Surgery approach to Rudyak's conjecture (Q2125127)

As usual \(\mathrm{cat}(X)\) stands for the (reduced) Lusternik-Schnirelmann category. The paper is written in the context of smooth (or PL) manifolds and is about Rudyak's Conjecture [\textit{Y. B. Rudyak}, Topology 38, No. 1, 37--55 (1999; Zbl 0927.55005)]: If \(f \colon M \to N\) is a degree one map between closed manifolds, then \(\mathrm{cat} (M) \leq \mathrm{cat} (N)\). This conjecture is already proved for manifolds of dimension \(\leq 4\).
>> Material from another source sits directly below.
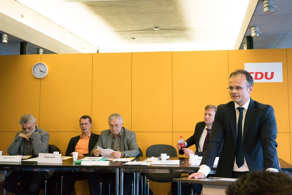 Michael Schierack bei seiner Rede an die Mitglieder. m Hintergrund: Hagen Strese, Holger Kelch, Joachim Käks & Steeven Bretz (v.l.n.r.)

Rudyak has also shown the following Theorem: Let \(f \colon M \to N\) be a map of degree one between closed stably parallelizable PL manifolds with \(N\) being \((r-1)\)-connected for some \(r \geq 1\); if \(N\) satisfies the inequality \(\dim N \leq 2r \mathrm{cat} (N) - 4\), then \(\mathrm{cat} (M) \geq \mathrm{cat} (N)\). Rudyak's approach is based on stable cohomotopy theory, while the present authors use surgery theory. With this different approach, the authors obtain a theorem that replaces the stably parallelizable assumption on the manifolds in Rudyak's theorem by the weaker condition that the map \(f\) is normal, and loosens the bound on dimension by one. More precisely, they obtain the following Theorem: Let \(f \colon M \to N\) be a normal map of degree one between closed smooth manifolds with \(N\) being \((r-1)\)-connected for some \(r \geq 1\); if \(N\) satisfies the inequality \(\dim N \leq 2r \mathrm{cat} (N) - 3\), then \(\mathrm{cat} (M) \geq \mathrm{cat} (N)\).